Tue, Sep 17, 2013 - Page 5 News List

Banana industry in need of hit product

FRUITLESS:Low labor costs abroad have contributed to a more than fourfold drop in banana exports since 1967, while the sector looks for its version of the pineapple cake

By Catherine Shu  /  NY Times News Service, GREATER KAOHSIUNG

For the Taiwanese farmers who grow them, the problem with bananas is that they are not pineapples.

The nation’s banana exports have fallen sharply for decades, as have the prices farmers can get for the fruit they sell.

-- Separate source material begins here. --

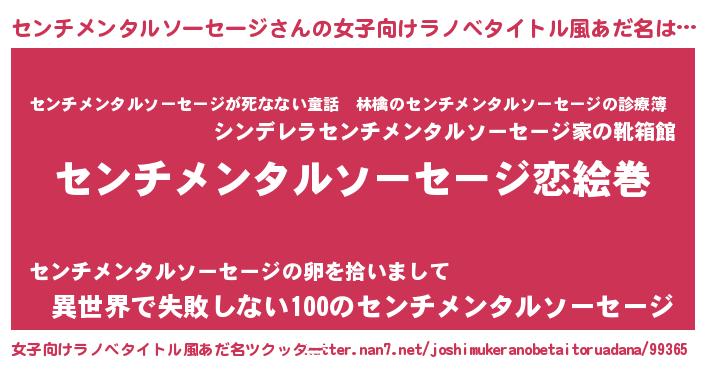 | 男性向けラノベタイトル風あだ名 | 『おまえをオタクにしてやるから、俺をセンチメンタルソーセージにしてくれ! 』 |

The solution seems simple: better marketing, as has been done with almonds, raisins and pomegranates in the US.

The Taiwan Banana Research Institute wants to make bananas a luxury product. It hopes that consumers will grow to consider Pei-Chiao bananas — the Giant Cavendish variety most often grown in the country — a delicacy for which they will pay a premium price.

“Our goal is to position Taiwanese bananas as a brand and appeal to consumers who are willing to pay extra for fruit because it tastes better and was grown using safer farming methods,” institute director Chao Chih-ping said.

However, the country’s efforts have so far fallen short.

The banana industry needs to discover a hit product that will increase demand and raise prices. Banana farmers are searching for their equivalent of the pineapple cake, the snack savior of the pineapple industry.

In 2006, the Taipei City Government began promoting the pastry as a Taiwanese souvenir, holding annual baking competitions and marketing it to tourists. That year, the pineapple cake industry raked in NT$2 billion (US$67.6 million) in revenue, according to the Taipei Bakery Association.

By last year, that figure had ballooned to NT$39 billion, driven by bakeries like SunnyHills, which ships the delicacies to buyers in China, Hong Kong, Japan and Singapore.

“We hoped that banana cakes could become the next pineapple cake, but that hasn’t happened,” said Chuang Lao-da, a director at the Council of Agriculture’s Agriculture and Food Agency.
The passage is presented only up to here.